Task: From the line that contains "Affiliate Links let" down to the last line of the data below, restate every line word for word, skipping any images.

(Dataset excerpts)
Segment Open

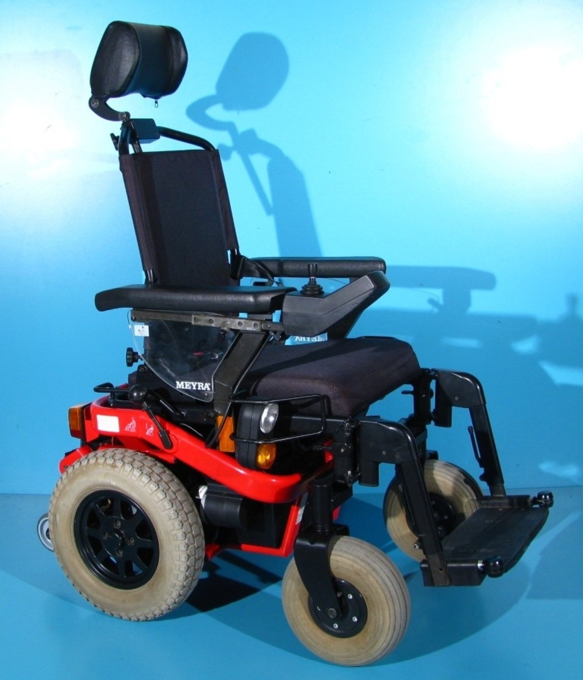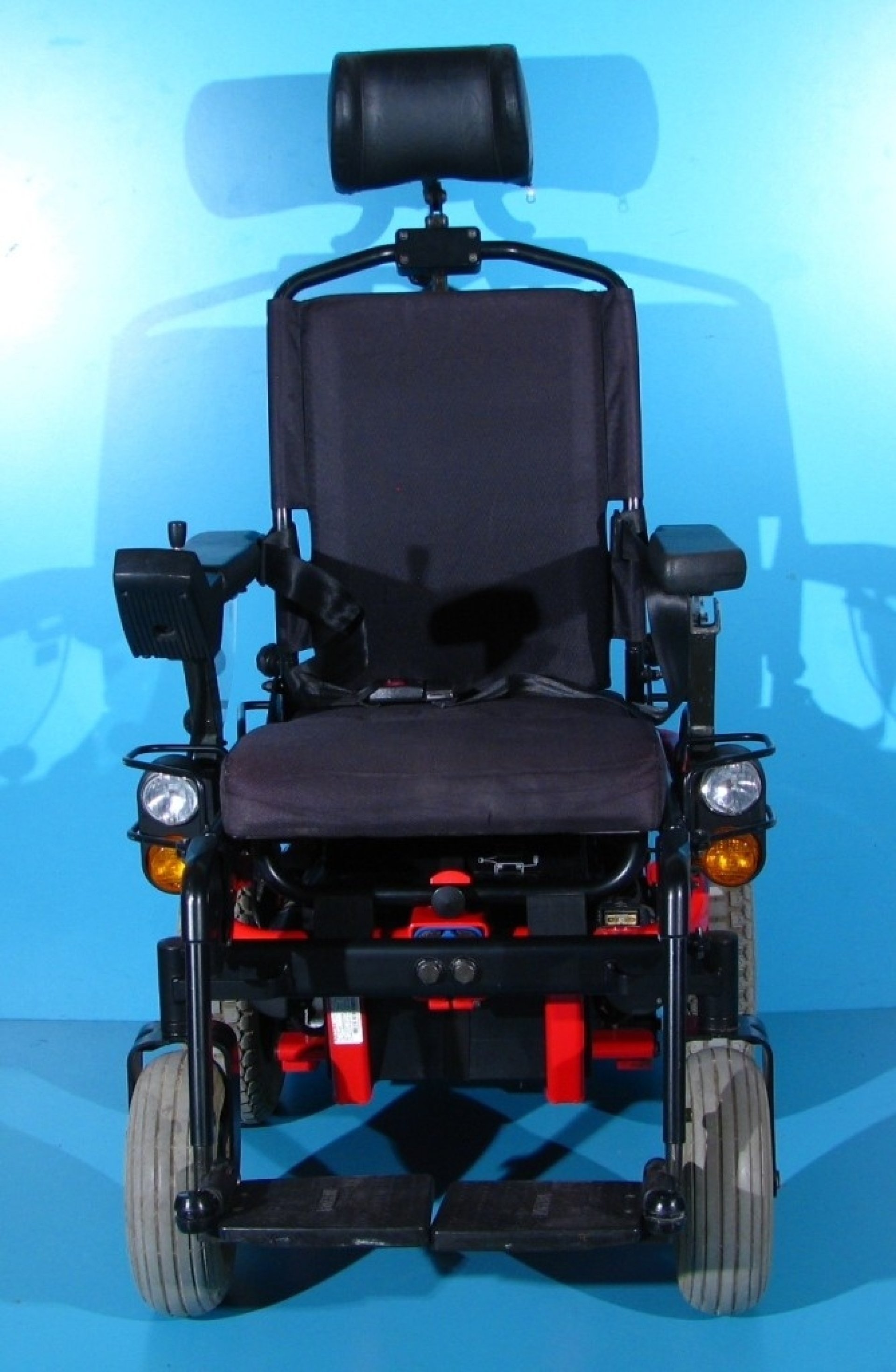Scaun cu rotile second hand cu comanda pe joystick destinat persoanelor cu handicap si persoanelor cu deficiente locomotorii.
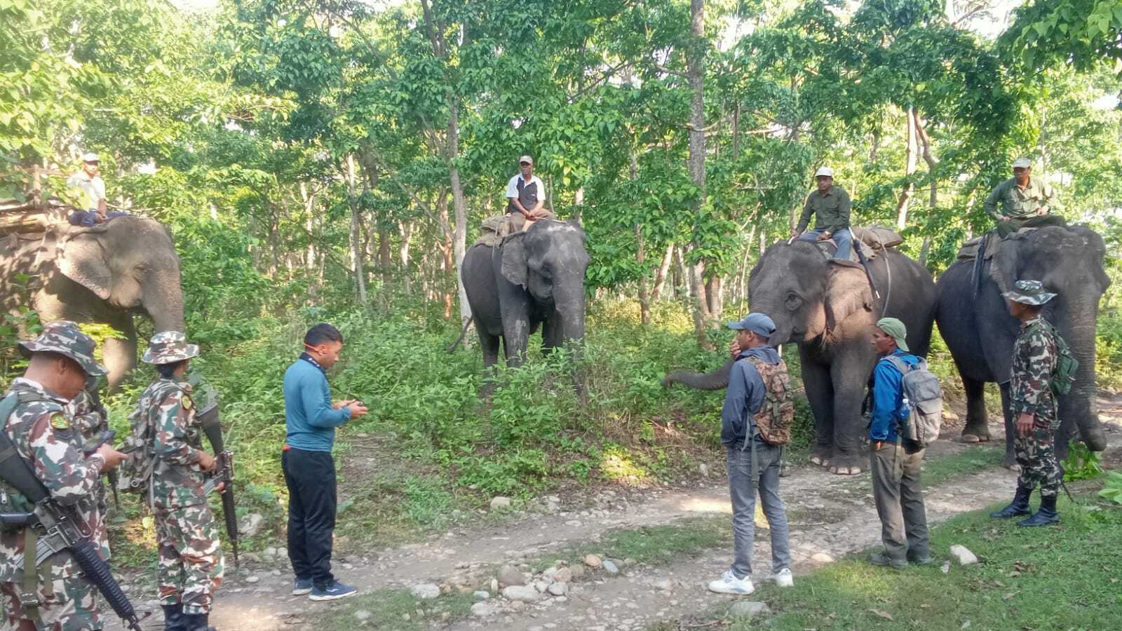 On March 24, a comprehensive search of the entire Radha Krishna Community Forest was conducted using five elephants, with participation from the Nepal Army, park rangers, and NTT technicians. Although the tiger was not located, fresh tracks indicated that MT03 Bhale had crossed the Rapti River and moved into Chitwan National Park.
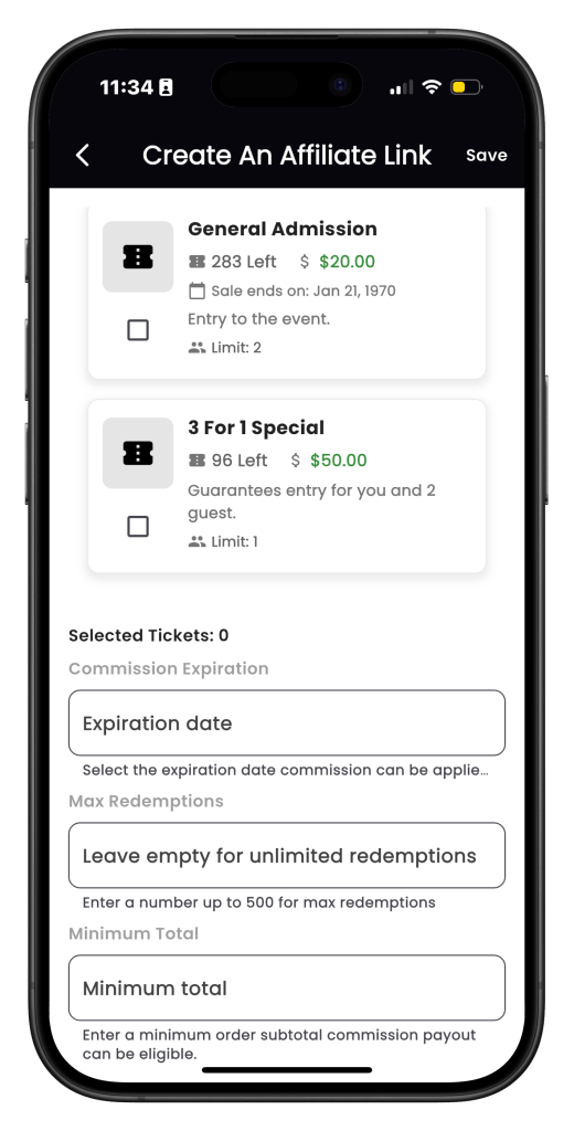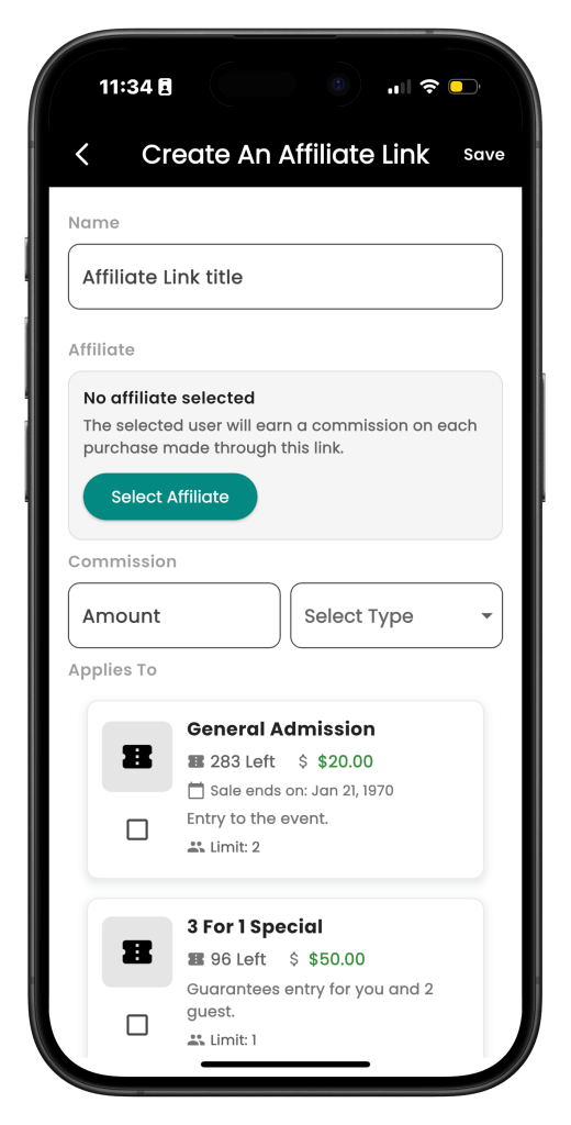 Affiliate Links let curators and vendors invite others to help promote their events or offerings. It’s perfect for trusted crew members, influencers, or anyone ready to help you grow; and it works for both events and product orders.
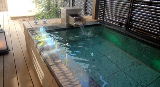 온천에서 바로 끌어올린 온천물이 흐르는 호텔 객식내의 개인온천. 뒤로 족욕탕이 보인다.
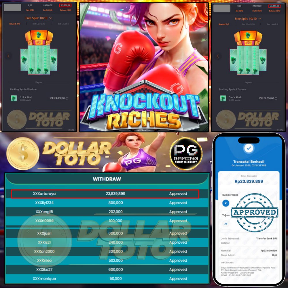 TAMBOHH LAGI DOLLARTOTO!!! PG SOFT JUGA GAK MAU KALAH!! 24JT JP DI KNOCKOUT RICHES LANGSUNGG LANDING MULUSSS!!!

Segment Closed

Solution below:
 Affiliate Links let curators and vendors invite others to help promote their events or offerings. It’s perfect for trusted crew members, influencers, or anyone ready to help you grow; and it works for both events and product orders.
 온천에서 바로 끌어올린 온천물이 흐르는 호텔 객식내의 개인온천. 뒤로 족욕탕이 보인다.
 TAMBOHH LAGI DOLLARTOTO!!! PG SOFT JUGA GAK MAU KALAH!! 24JT JP DI KNOCKOUT RICHES LANGSUNGG LANDING MULUSSS!!!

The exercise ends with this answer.